Apparently im getting really obsessive over that.
Well to fill up these last 4 days of this sponsorship before I swap accounts, I may aswell talk about the newest game I got.
Ace Attorney: Phoenix Wright - Justice for All
Gee, what a surprise.
It's pretty much the same as the first game, except this one is actually alot harder and....somehow fun.....also funny.
The story is alot better....I could actually see these games being made into a TV show....hopefully not Live Action, but the stories are quite awesome.
I was wondering what would happen with the first level....I mean, That level is supposed to be Phoenix's 6th case....or more, I dunno..may have been more of the time period they had between the games. Whatever. All games start with an easy tutorial level, and instead of doing the crappy type of tutorial where they make Phoenix stand there talking like a pro doing that whole thing where he'd say something like "Hmmm. Sounds like a contridiction. Perhaps I should tap the Court Record Button and see if theres something there I can show the court by tapping the item and tapping the Present button."
Instead of something stupid like that, they did something that I think is pretty reasonable.

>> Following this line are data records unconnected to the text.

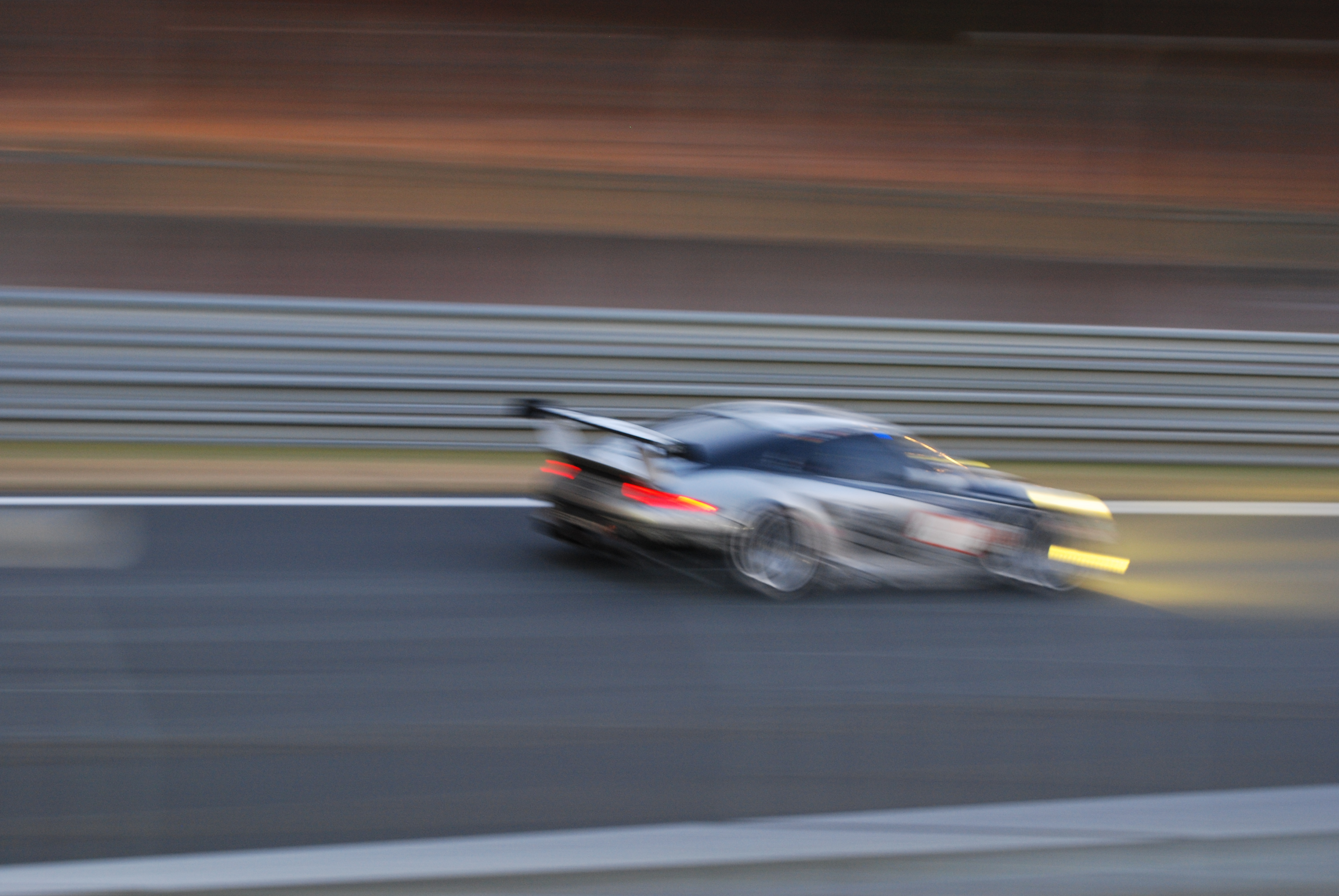 So after my quick dinner, it was time to continue my exploration of the track, which was beginning to fall under a cloak of darkness. Since I was still in the proximity of the Dunlop chicane, I decided to check out the area between the Dunlop bridge and the Tertre Rouge bend. On the way, I stopped to watch the cars flying through the Esses, and capture some of the action ( these images were taken at around 10:30 pm).
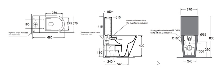 Напольный унитаз-моноблок без бачка Azzurra FORMA FMVCMPE00000BI выполнен в современном стиле. Для этой серии характерны мягкая овальная форма чаши и четкие геометрические линии основания. Напольная конструкция обеспечивает легкий монтаж и не требует специального ремонта в помещении. Благодаря исполнению в виде моноблока, устройство компактно и гораздо надежнее обычных, так как для его установки не требуются дополнительные уплотнители и прокладки. Горизонтальный выпуск дает возможность выводить трубу не только в стену, но и в пол с использованием специальных пластиковых переходников. В комплект поставки входят крепления VFV. Бачок, механизм слива и сиденье в комплект поставки не входят и приобретаются отдельно. Особенности:
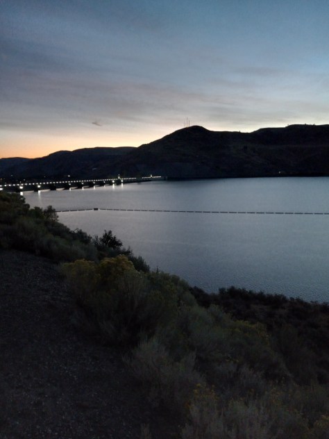 Before hitting the road, I wanted to go sit and meditate beside the dam. I pulled up at an overlook beside the visitor center and sat down on a rock. The faintest light of day was just showing behind the eastern hills. It was cold, and though the wind had died down some, it was still gusty. I went back and sat in the car, looking down at the lights of the dam, the ropes and buoys stretched across the surface of the water. The window was down, and I could hear the cry of waterbirds below.
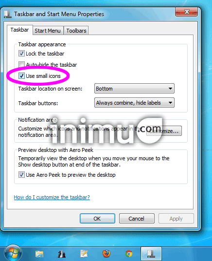 Berikut ini sekedar tips / trik ringan untuk memperkecil ukuran taskbar di Windows 7 agar tampilan area desktop di layar lebih lega, dan lebih bisa dimaksimalkan untuk jendela-jendela aplikasi.
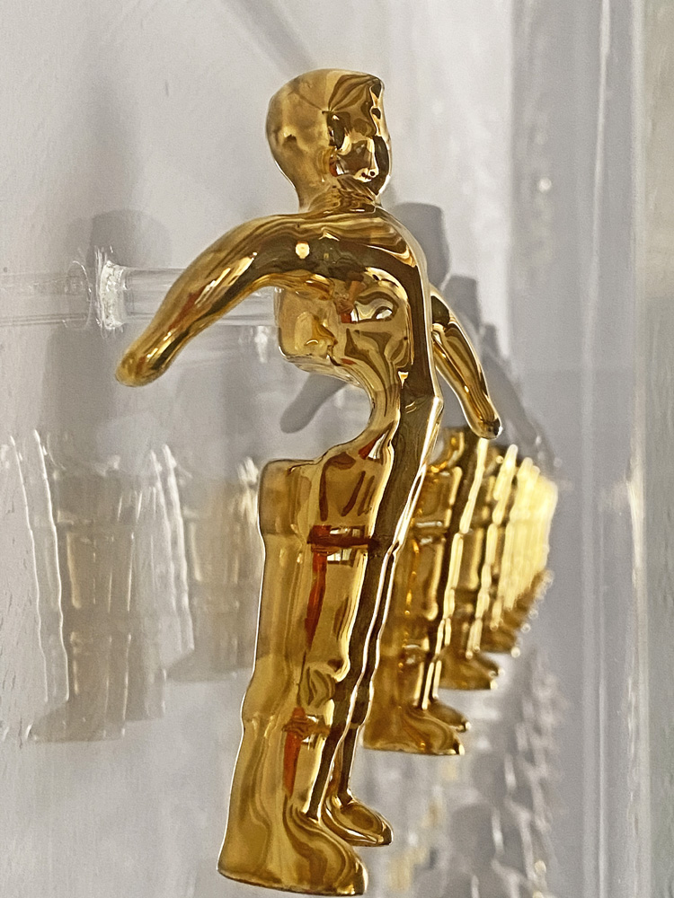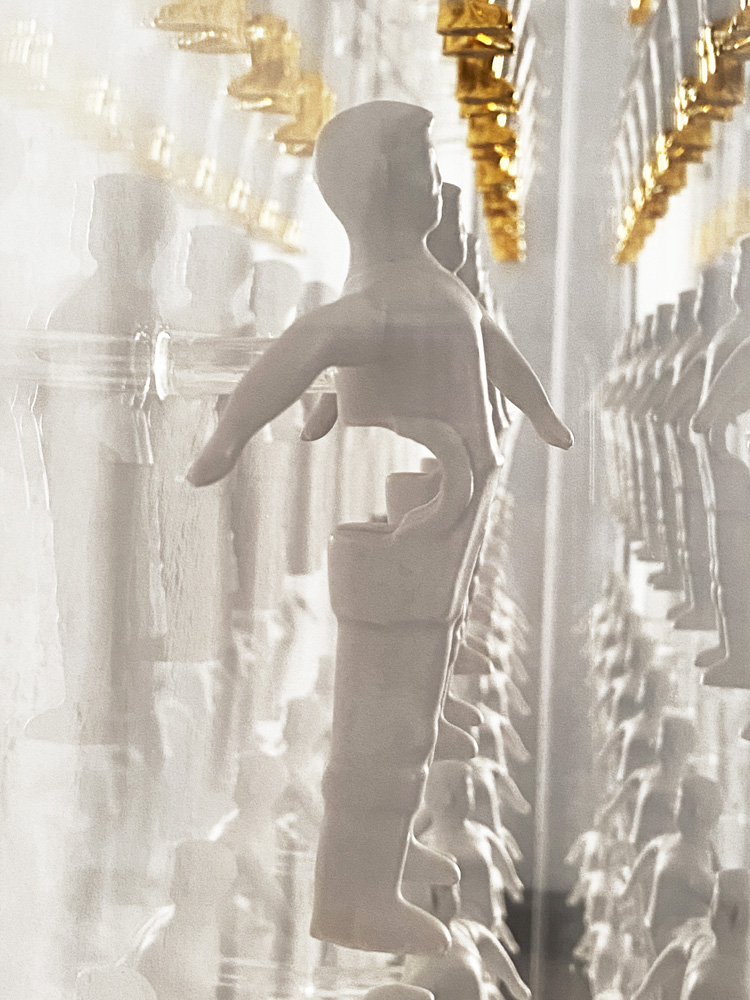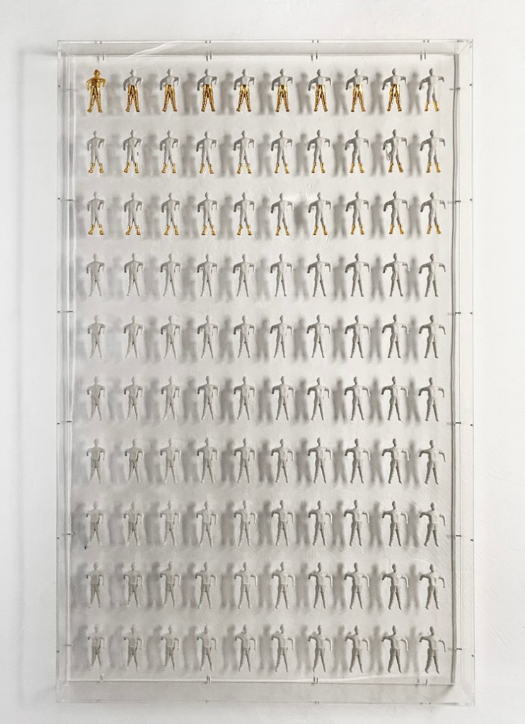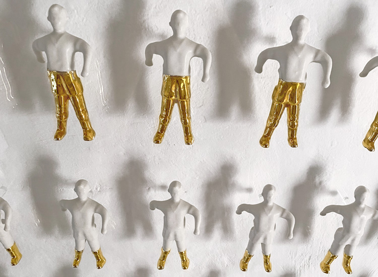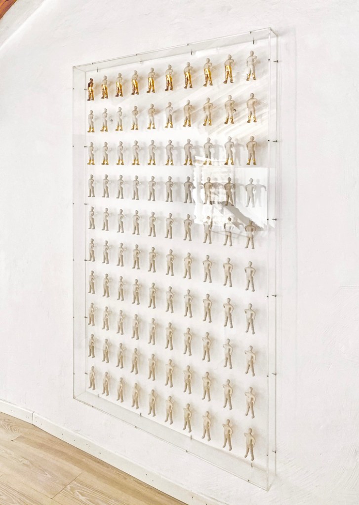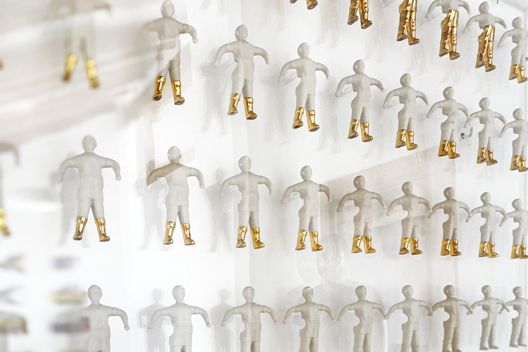 From Disparuiy to Dignity, que pertenece a la serie Fair Play está conformada por cien muñecos de futbolín iguales, todos están obtenidos del mismo molde y reproducidos en porcelana blanca, dura pero frágil, como la propia vida. Una vida configurada por las infinitas posibilidades planteadas en la propia existencia como juego dinámico de creación y destrucción, en la que lo único que nos diferencia es el artificio de una pátina de oro que nos recubre y nos sitúa dentro de una sociedad capitalista donde parece que lo único importante es nuestro poder adquisitivo. Esa riqueza que nos pone a unos por encía de otros, cuando en realidad todos somos iguales, es una distinción inventada por el ser humano contraria a la propia existencia natural. La distribución del oro sobre estas figuras humanoides hace referencia a los porcentajes de distribución de la riqueza global, es un hacer visible la desigualdad de la repartición de esa riqueza que nos separa y hace del mundo una realidad llena de disparidad, que debemos cambiar si queremos que la sociedad avance en la conquista de los derechos humanos.

Just starts out with Phoenix chillin on the lounge before court, then when his phone rings, someone comes up and knocks him out, so he suffers amnesia for the case, so someone else is hinting what you should do....just hinting it. They dont tell you what to tap or what to press, they just hint you. That way they manage to keep in a rather awesome fashion for the story.
Apart from that...I thought the 1st level would be easy as, like in the first game, but god damn, I actually got a Guilty Verdict and lost. Only because of the one thing I dislike about this one compared to the other one....the 1st game you have 5 chances to screw up before you get a Guilty Verdict. Thats fine, and it resets those 5 chances everytime you get to a new level of that chapter......This one it doesnt. Instead it's just some weird Health bar.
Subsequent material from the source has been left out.